ACTION ITEM
Your response should be an exact transcription of the data, images excluded.

DATA EXTRACT

------

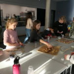 Anfang Dezember haben wir gebacken. Wie immer gab es zwei Gruppen. Zuerst hat die erste Gruppe gebacken und die zweite gebastelt. Die die gebastelt haben, haben Sachen wie z.B. Mehl abgewogen oder Gläser verschönern gemacht.
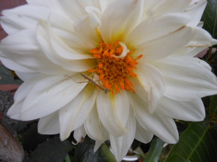花壇のダリアの花に、カマキリの赤ちゃんが
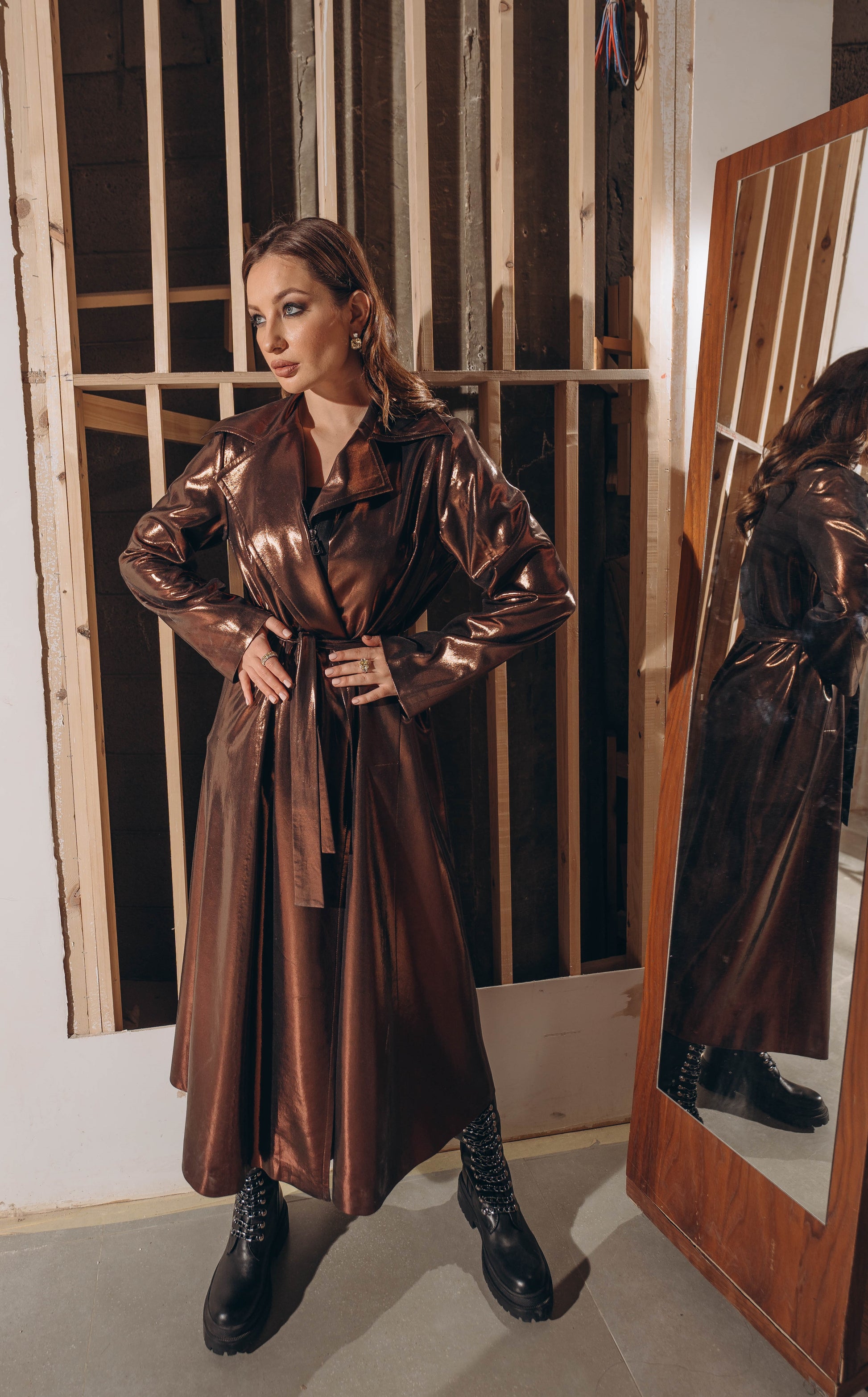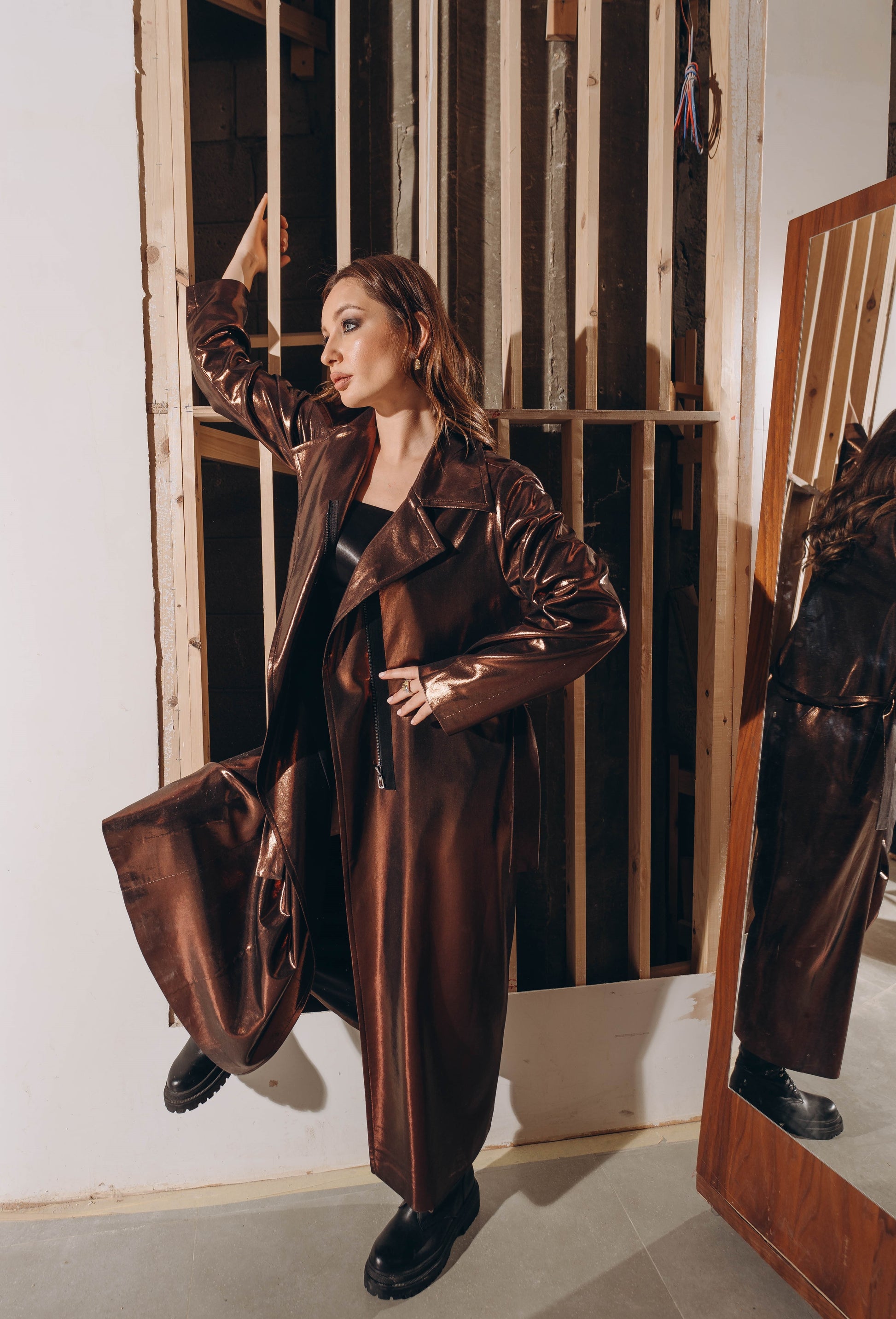 Add some shines to your outfits with our Metallic virgin leather longline trench coat, featuring a notch collar, belt, two side pockets and zipper fastening, fabrics from London, UK. Handcrafted in our atelier in Egypt.

------

YOUR RESPONSE
 Anfang Dezember haben wir gebacken. Wie immer gab es zwei Gruppen. Zuerst hat die erste Gruppe gebacken und die zweite gebastelt. Die die gebastelt haben, haben Sachen wie z.B. Mehl abgewogen oder Gläser verschönern gemacht.
花壇のダリアの花に、カマキリの赤ちゃんが
 Add some shines to your outfits with our Metallic virgin leather longline trench coat, featuring a notch collar, belt, two side pockets and zipper fastening, fabrics from London, UK. Handcrafted in our atelier in Egypt.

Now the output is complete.